Our Medical Humanities Group of UCMS shall be conducting a 'Reviving Humanities in Medical Education' (RHiME) Workshop at Himalayan Institute of Medical Sciences, Dehradun from 21-24 Sept 2016. It will include Theatre of the Oppressed as well as Graphic Medicine.

To spread medical humanities (MH), we have been conducting RHiME workshops. Our first one was at PSG Coimbatore in  2014, followed up by in 2015 at Jorhat Medical College, Assam. The third one was in Bharti Vidyapeeth Medical College, Pune and fourth one at Dehradun. If you see, the last three were all conducted at the cultural capitals of the respective States.

The fifth one will be International one with University of Chicago at the Capital of India on 2-4 November 2016. In addition we have our own MH journal -Research & Humanities in Medical Education (www.rhime.in)


Sunday, June 7, 2015

Picturing Illness: History, Poetics, and Graphic Medicine


Comics have often been treated as a juvenile and sub-literary art form; however, taking cues from the new-found cultural acceptance of comics, particularly with the publication of Art Spiegelman’s Maus (1986), Chris Ware’s Jimmy Corrigan: The Smartest Kid on Earth (2000), and Alison Bechdel’s Fun Home: A Family Tragedy (2006), there have emerged, over the past decade, a new breed of comics dealing with the patient/caregivers’ experiences, perspectives and identities.

Christened as graphic medicine, these illness narratives use comics as a medium to address wide ranging disease/illness related issues. The present review examines the following issues: What is graphic medicine? Is there a tangible relationship between underground comics and graphic medicine? If so, can we regard underground comics as historical precedent to graphic medicine? What are the uses of comics in medicine? Broadly put, drawing examples from various graphic medical narratives, the paper seeks to trace the history and poetics of graphic medicine.

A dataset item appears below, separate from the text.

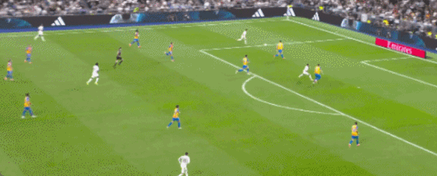 Phút 44, Bellingham thoát ra khỏi đầu vòng cấm và ghi bàn bằng một cú sút xa, giúp Real Madrid nâng tỷ số lên 3-0.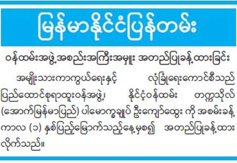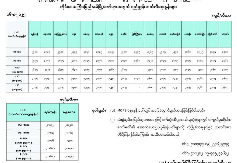 ရန်ကုန်မြို့နှင့် မန္တလေးမြို့အတွက် ရည်ညွှန်းလက်ကားဈေးနှုန်းများနှင့် ပြည်ထောင်စုနယ်မြေ နေပြည်တော်၊ တိုင်းဒေသကြီး/ပြည်နယ် မြို့တော်များအတွက် ရည်ညွှန်းလက်လီဈေးနှုန်းများ

Read the full review article here on the journal website: Research & Humanities in Medical Education

Sunday, May 31, 2015

Comics, medicine and professional identity formation

Michael Green conducted the first ever comic course for medical students anywhere in the world and has accumulated six years of experience from 2009 to 2014. In fact he described the field of 'Graphic Medicine' coined by Ian Williams. The current issue of Academic Medicine covers his article.

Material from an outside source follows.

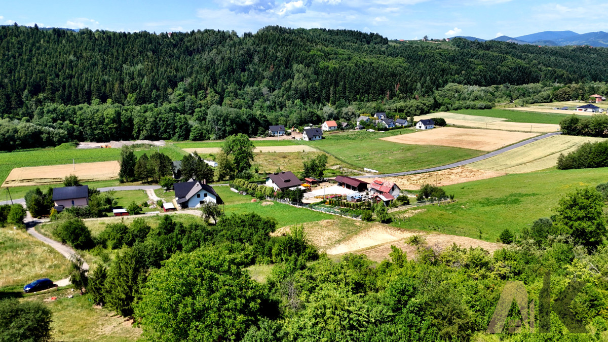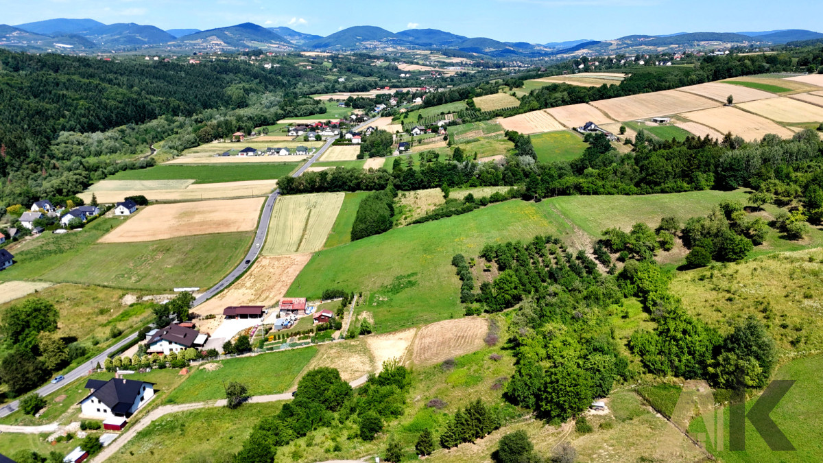 Z działki rozciąga się widok na pobliskie pola i lasy. W okolicy luźna zabudowa mieszkaniowa.

Green MJ. Comics and medicine: peering into the process of professional identity formation. Acad Med. 2015 Jun; 90(06): 774-9.

Problem: Medical students experience transformative personal and professional changes during medical school. The medical education community has much to learn about how students perceive these changes, which can be dramatic and profound.

Approach: Over the past six years (2009–2014), the author has taught a course on medical graphic narratives (or comics) to fourth-year medical students. Comics synergistically combine words and images to tell stories and provide an effective vehicle for helping students reflect on and give voice to varied experiences. In this course, students critically read and discuss medically themed comics and create their own original comic depicting a formative experience from medical school.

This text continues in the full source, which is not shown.